Items listed in a dataset:
○ ○ ○
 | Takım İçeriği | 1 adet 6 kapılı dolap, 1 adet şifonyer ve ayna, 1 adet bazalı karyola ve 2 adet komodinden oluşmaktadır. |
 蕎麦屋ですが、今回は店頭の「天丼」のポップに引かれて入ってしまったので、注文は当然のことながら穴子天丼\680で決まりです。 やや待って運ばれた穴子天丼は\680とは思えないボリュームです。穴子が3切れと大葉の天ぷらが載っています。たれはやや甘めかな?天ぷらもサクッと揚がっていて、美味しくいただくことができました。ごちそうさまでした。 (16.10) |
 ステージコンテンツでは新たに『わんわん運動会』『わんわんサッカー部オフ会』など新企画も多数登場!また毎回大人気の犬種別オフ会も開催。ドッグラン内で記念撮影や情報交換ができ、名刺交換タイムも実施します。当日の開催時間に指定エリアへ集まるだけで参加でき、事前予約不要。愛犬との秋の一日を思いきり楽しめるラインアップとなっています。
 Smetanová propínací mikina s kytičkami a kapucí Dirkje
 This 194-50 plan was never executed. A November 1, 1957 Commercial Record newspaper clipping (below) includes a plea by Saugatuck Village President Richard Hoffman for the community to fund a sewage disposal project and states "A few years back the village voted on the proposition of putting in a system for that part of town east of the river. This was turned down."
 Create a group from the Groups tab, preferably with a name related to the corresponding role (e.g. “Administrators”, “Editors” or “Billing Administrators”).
○ ○ ○
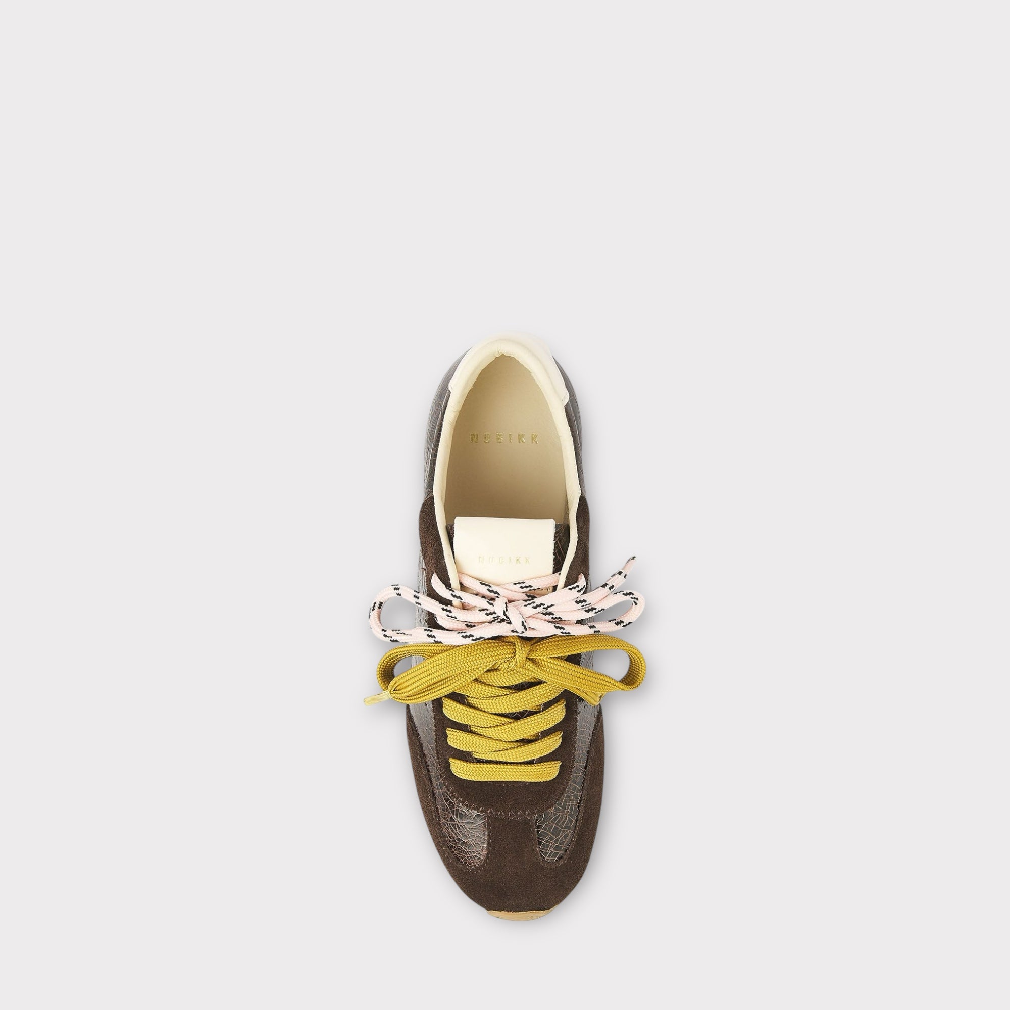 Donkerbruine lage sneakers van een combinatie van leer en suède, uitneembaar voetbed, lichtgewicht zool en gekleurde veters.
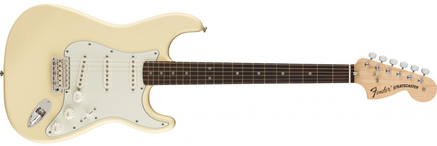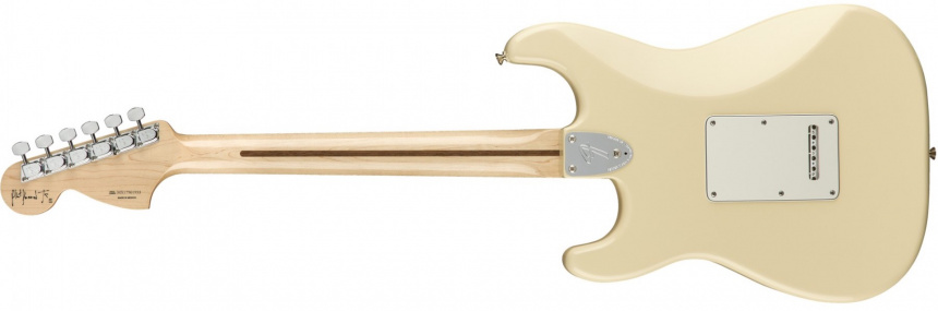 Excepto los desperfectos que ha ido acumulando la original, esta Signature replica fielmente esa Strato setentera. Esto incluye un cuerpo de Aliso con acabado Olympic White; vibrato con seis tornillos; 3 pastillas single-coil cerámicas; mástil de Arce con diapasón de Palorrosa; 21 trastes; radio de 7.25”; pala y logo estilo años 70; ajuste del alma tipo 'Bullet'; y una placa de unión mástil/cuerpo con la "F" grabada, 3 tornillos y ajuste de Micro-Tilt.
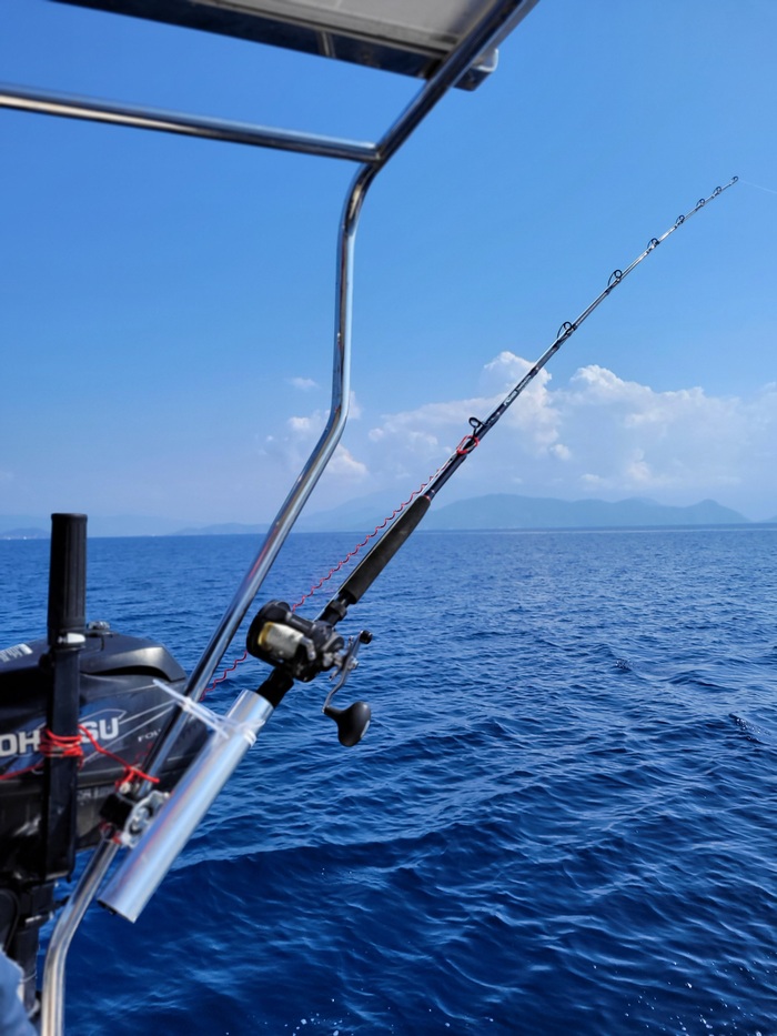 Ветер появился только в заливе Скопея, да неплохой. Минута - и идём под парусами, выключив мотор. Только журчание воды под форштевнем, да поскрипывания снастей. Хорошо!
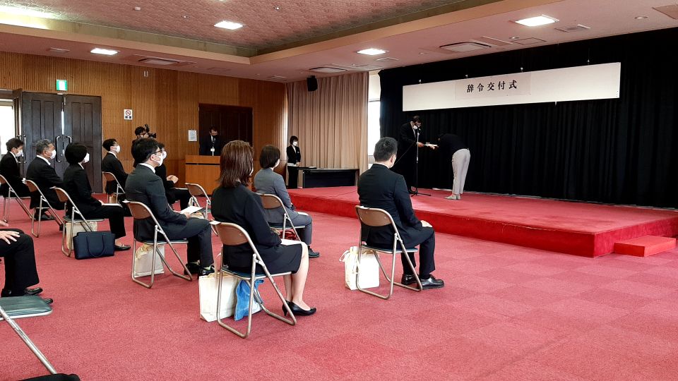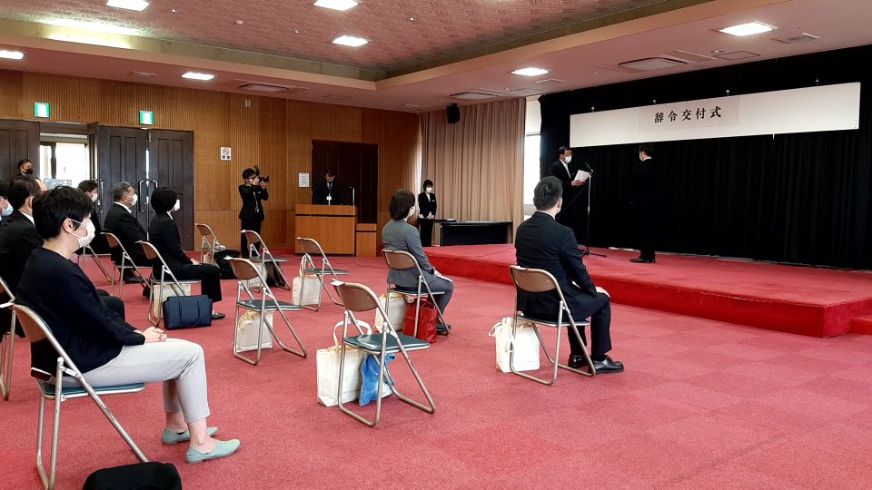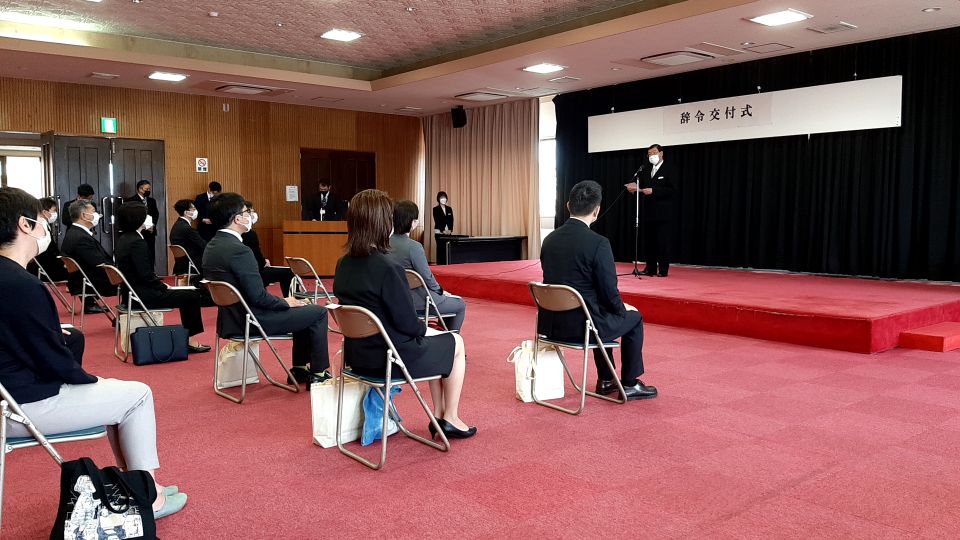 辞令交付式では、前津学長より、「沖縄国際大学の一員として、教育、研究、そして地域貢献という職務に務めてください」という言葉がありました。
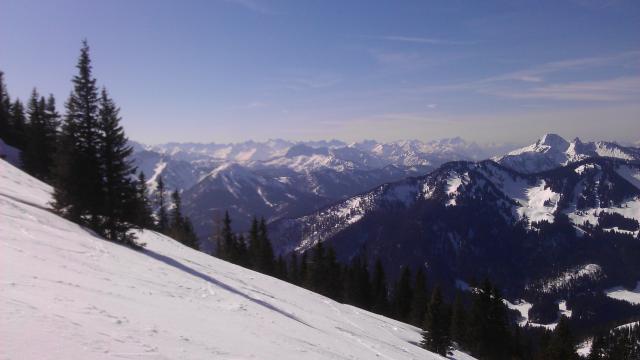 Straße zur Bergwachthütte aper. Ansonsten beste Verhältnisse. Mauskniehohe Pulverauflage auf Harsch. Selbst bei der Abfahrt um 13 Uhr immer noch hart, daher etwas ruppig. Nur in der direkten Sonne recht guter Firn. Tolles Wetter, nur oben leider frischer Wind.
○ ○ ○
__ABOUT THIS TASK__.
Above are the records; from them, give again exactly the lines from the one containing "komodinden oluşmaktadır. |" to the one containing "Create a group", both lines included, and nothing more.

__EXERCISE ANSWER__.
 | Takım İçeriği | 1 adet 6 kapılı dolap, 1 adet şifonyer ve ayna, 1 adet bazalı karyola ve 2 adet komodinden oluşmaktadır. |
 蕎麦屋ですが、今回は店頭の「天丼」のポップに引かれて入ってしまったので、注文は当然のことながら穴子天丼\680で決まりです。 やや待って運ばれた穴子天丼は\680とは思えないボリュームです。穴子が3切れと大葉の天ぷらが載っています。たれはやや甘めかな?天ぷらもサクッと揚がっていて、美味しくいただくことができました。ごちそうさまでした。 (16.10) |
 ステージコンテンツでは新たに『わんわん運動会』『わんわんサッカー部オフ会』など新企画も多数登場!また毎回大人気の犬種別オフ会も開催。ドッグラン内で記念撮影や情報交換ができ、名刺交換タイムも実施します。当日の開催時間に指定エリアへ集まるだけで参加でき、事前予約不要。愛犬との秋の一日を思いきり楽しめるラインアップとなっています。
 Smetanová propínací mikina s kytičkami a kapucí Dirkje
 This 194-50 plan was never executed. A November 1, 1957 Commercial Record newspaper clipping (below) includes a plea by Saugatuck Village President Richard Hoffman for the community to fund a sewage disposal project and states "A few years back the village voted on the proposition of putting in a system for that part of town east of the river. This was turned down."
 Create a group from the Groups tab, preferably with a name related to the corresponding role (e.g. “Administrators”, “Editors” or “Billing Administrators”).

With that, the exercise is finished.